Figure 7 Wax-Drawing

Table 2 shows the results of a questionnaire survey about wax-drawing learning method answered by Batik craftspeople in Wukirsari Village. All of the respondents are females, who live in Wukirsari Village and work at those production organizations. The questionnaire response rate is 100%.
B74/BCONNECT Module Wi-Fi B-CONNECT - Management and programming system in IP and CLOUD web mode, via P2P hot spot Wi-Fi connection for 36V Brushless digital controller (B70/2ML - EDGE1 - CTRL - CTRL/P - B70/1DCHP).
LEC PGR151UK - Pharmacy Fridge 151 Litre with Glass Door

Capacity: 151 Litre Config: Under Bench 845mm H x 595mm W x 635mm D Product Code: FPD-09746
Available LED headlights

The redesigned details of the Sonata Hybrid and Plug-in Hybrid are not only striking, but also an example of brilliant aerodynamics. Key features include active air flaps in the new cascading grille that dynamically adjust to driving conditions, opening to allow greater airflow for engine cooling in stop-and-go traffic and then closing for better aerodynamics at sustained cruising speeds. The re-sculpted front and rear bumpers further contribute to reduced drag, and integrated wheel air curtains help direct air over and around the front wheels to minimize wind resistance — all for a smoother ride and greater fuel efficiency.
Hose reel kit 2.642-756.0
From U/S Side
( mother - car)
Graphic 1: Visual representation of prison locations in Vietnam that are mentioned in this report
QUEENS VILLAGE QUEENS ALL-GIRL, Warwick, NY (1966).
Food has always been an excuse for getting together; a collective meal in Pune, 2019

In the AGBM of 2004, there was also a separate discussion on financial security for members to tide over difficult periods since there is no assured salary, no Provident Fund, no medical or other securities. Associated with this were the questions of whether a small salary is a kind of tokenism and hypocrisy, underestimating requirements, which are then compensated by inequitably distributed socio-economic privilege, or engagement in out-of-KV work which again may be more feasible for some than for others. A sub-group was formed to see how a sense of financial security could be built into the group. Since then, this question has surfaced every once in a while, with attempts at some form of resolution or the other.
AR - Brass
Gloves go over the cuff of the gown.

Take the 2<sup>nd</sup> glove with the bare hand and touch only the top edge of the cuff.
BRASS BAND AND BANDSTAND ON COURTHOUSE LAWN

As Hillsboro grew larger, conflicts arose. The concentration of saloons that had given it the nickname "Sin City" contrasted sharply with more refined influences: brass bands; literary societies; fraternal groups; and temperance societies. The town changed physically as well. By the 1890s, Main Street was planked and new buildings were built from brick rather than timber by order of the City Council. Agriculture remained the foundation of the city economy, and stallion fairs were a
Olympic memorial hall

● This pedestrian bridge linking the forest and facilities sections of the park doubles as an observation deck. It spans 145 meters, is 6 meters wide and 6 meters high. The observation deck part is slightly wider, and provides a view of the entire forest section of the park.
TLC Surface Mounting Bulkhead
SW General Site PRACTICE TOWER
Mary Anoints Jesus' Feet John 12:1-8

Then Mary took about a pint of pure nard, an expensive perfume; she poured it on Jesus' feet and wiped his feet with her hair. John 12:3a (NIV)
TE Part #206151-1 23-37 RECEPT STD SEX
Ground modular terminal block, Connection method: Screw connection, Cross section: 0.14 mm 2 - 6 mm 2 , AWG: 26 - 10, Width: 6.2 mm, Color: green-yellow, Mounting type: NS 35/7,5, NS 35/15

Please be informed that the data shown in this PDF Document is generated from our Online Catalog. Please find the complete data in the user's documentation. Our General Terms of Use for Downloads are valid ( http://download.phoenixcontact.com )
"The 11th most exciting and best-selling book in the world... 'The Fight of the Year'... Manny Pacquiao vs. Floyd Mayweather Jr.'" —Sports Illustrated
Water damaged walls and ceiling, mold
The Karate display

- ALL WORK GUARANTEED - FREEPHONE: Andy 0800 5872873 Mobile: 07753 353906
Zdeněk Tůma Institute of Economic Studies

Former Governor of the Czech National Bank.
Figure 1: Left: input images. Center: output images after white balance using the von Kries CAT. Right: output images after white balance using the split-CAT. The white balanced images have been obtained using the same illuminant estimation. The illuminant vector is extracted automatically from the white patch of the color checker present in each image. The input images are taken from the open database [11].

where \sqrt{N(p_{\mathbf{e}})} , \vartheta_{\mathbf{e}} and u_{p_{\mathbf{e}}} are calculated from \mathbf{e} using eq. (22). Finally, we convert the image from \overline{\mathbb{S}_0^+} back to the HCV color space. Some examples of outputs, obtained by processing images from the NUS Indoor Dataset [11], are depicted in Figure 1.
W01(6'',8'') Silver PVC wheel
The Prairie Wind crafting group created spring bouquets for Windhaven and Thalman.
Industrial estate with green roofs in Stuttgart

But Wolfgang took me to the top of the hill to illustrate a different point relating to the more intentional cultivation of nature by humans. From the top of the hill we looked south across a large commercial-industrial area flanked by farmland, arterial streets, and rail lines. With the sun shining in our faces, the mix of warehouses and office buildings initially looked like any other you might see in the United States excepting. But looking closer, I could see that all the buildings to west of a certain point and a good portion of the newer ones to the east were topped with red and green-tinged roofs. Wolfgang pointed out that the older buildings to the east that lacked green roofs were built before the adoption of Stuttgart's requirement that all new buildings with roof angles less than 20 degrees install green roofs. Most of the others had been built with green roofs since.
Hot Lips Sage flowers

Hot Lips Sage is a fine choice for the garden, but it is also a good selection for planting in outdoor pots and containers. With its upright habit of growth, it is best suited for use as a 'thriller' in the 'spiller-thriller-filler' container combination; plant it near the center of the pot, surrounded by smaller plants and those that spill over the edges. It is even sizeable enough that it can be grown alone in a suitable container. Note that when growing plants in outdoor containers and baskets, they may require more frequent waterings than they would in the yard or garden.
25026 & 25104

··········

Exercise goal » Nothing past the line containing "Food has always" should be restated; transcribe the material exactly from its first line through that line.

Response »
Figure 7 Wax-Drawing

Table 2 shows the results of a questionnaire survey about wax-drawing learning method answered by Batik craftspeople in Wukirsari Village. All of the respondents are females, who live in Wukirsari Village and work at those production organizations. The questionnaire response rate is 100%.
B74/BCONNECT Module Wi-Fi B-CONNECT - Management and programming system in IP and CLOUD web mode, via P2P hot spot Wi-Fi connection for 36V Brushless digital controller (B70/2ML - EDGE1 - CTRL - CTRL/P - B70/1DCHP).
LEC PGR151UK - Pharmacy Fridge 151 Litre with Glass Door

Capacity: 151 Litre Config: Under Bench 845mm H x 595mm W x 635mm D Product Code: FPD-09746
Available LED headlights

The redesigned details of the Sonata Hybrid and Plug-in Hybrid are not only striking, but also an example of brilliant aerodynamics. Key features include active air flaps in the new cascading grille that dynamically adjust to driving conditions, opening to allow greater airflow for engine cooling in stop-and-go traffic and then closing for better aerodynamics at sustained cruising speeds. The re-sculpted front and rear bumpers further contribute to reduced drag, and integrated wheel air curtains help direct air over and around the front wheels to minimize wind resistance — all for a smoother ride and greater fuel efficiency.
Hose reel kit 2.642-756.0
From U/S Side
( mother - car)
Graphic 1: Visual representation of prison locations in Vietnam that are mentioned in this report
QUEENS VILLAGE QUEENS ALL-GIRL, Warwick, NY (1966).
Food has always been an excuse for getting together; a collective meal in Pune, 2019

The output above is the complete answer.